- **Exercise instructions**:
Your answer must be only the lines below from the one containing "Steelers players celebrate" through the one containing "Кухонная мойка Roxen", copied exactly, with the pictures left out.

┌─ Task data

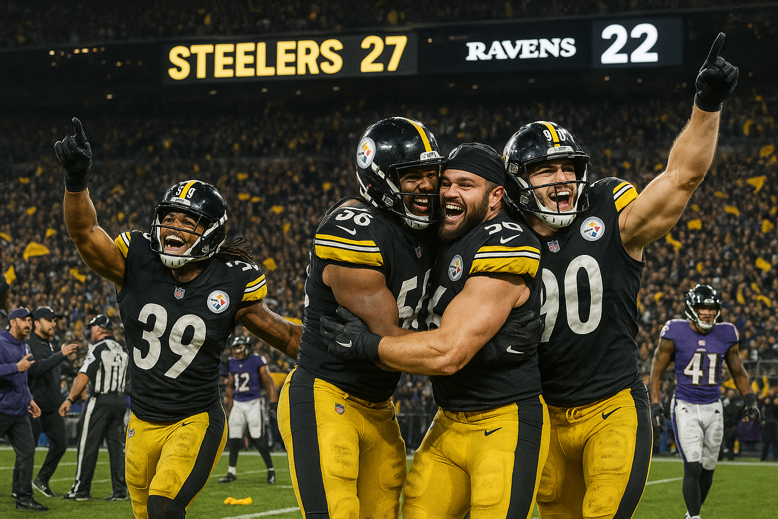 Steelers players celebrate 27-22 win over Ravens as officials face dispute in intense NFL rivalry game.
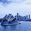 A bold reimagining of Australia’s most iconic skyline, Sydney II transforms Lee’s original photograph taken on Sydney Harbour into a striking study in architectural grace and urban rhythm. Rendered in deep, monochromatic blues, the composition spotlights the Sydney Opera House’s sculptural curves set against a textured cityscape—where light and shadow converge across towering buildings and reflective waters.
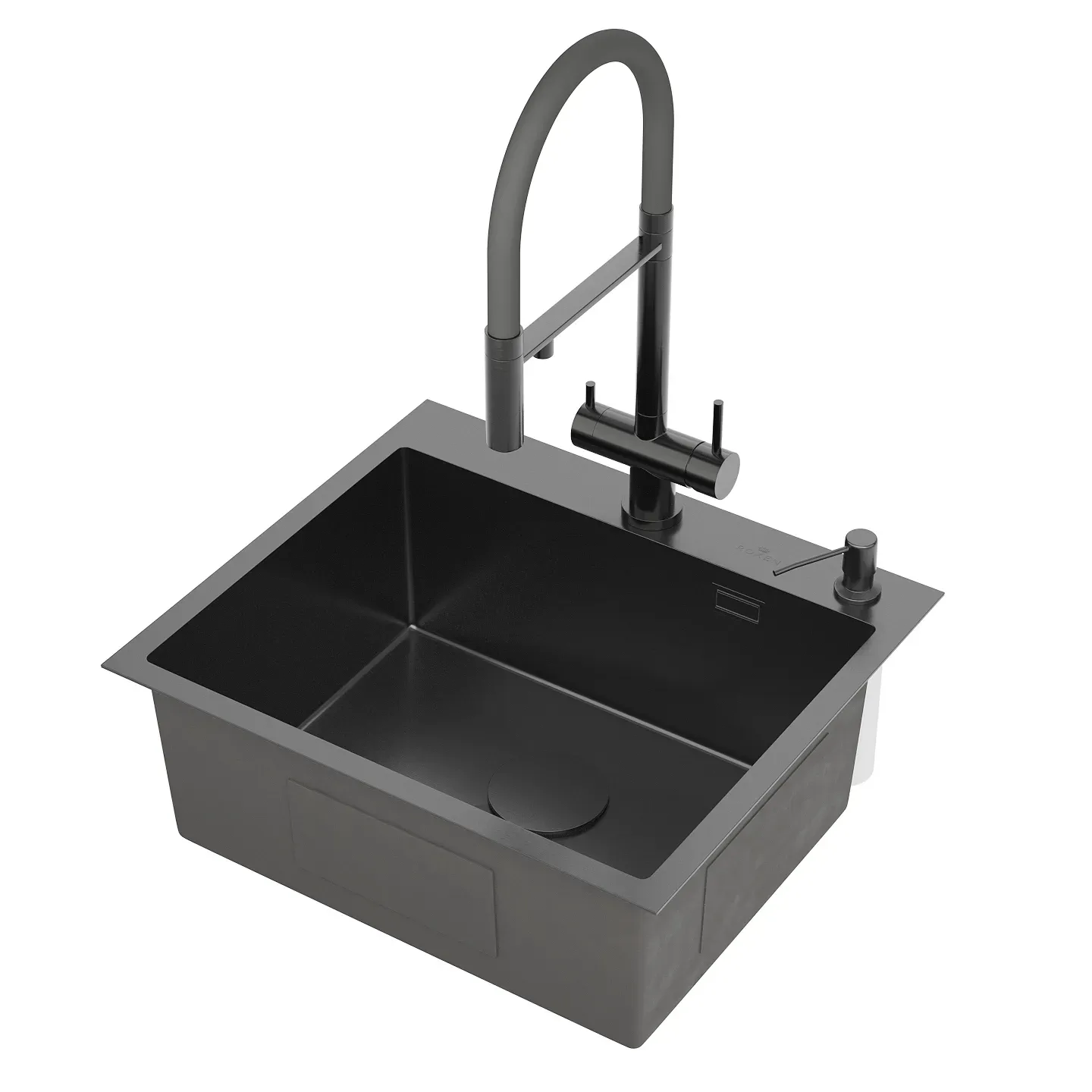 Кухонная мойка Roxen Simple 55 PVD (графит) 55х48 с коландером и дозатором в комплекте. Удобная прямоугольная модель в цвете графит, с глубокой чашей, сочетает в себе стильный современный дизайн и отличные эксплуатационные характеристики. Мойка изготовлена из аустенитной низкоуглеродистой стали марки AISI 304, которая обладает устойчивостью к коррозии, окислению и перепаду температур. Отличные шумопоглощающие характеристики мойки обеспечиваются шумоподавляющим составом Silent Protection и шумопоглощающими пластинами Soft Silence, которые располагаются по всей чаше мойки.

└─
┌─ Task data

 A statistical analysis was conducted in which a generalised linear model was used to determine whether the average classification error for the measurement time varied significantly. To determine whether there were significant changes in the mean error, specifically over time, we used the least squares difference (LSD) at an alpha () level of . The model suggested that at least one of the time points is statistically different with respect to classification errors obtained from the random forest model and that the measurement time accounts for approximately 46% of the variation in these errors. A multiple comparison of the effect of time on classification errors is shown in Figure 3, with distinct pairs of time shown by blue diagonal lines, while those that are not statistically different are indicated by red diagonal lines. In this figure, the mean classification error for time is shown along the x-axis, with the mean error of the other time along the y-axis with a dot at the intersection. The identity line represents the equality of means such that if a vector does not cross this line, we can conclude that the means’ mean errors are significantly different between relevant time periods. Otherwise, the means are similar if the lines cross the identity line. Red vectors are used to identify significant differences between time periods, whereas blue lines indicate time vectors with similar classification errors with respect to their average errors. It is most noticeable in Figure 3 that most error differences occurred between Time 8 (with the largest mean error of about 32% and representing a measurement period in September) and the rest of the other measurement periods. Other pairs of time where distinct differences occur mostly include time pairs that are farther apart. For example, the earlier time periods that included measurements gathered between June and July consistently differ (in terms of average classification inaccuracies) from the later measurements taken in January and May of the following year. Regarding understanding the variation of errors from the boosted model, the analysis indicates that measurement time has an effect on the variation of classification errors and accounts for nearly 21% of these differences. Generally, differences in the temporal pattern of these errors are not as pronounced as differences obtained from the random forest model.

└─

- **Answer section**:
 Steelers players celebrate 27-22 win over Ravens as officials face dispute in intense NFL rivalry game.
 A bold reimagining of Australia’s most iconic skyline, Sydney II transforms Lee’s original photograph taken on Sydney Harbour into a striking study in architectural grace and urban rhythm. Rendered in deep, monochromatic blues, the composition spotlights the Sydney Opera House’s sculptural curves set against a textured cityscape—where light and shadow converge across towering buildings and reflective waters.
 Кухонная мойка Roxen Simple 55 PVD (графит) 55х48 с коландером и дозатором в комплекте. Удобная прямоугольная модель в цвете графит, с глубокой чашей, сочетает в себе стильный современный дизайн и отличные эксплуатационные характеристики. Мойка изготовлена из аустенитной низкоуглеродистой стали марки AISI 304, которая обладает устойчивостью к коррозии, окислению и перепаду температур. Отличные шумопоглощающие характеристики мойки обеспечиваются шумоподавляющим составом Silent Protection и шумопоглощающими пластинами Soft Silence, которые располагаются по всей чаше мойки.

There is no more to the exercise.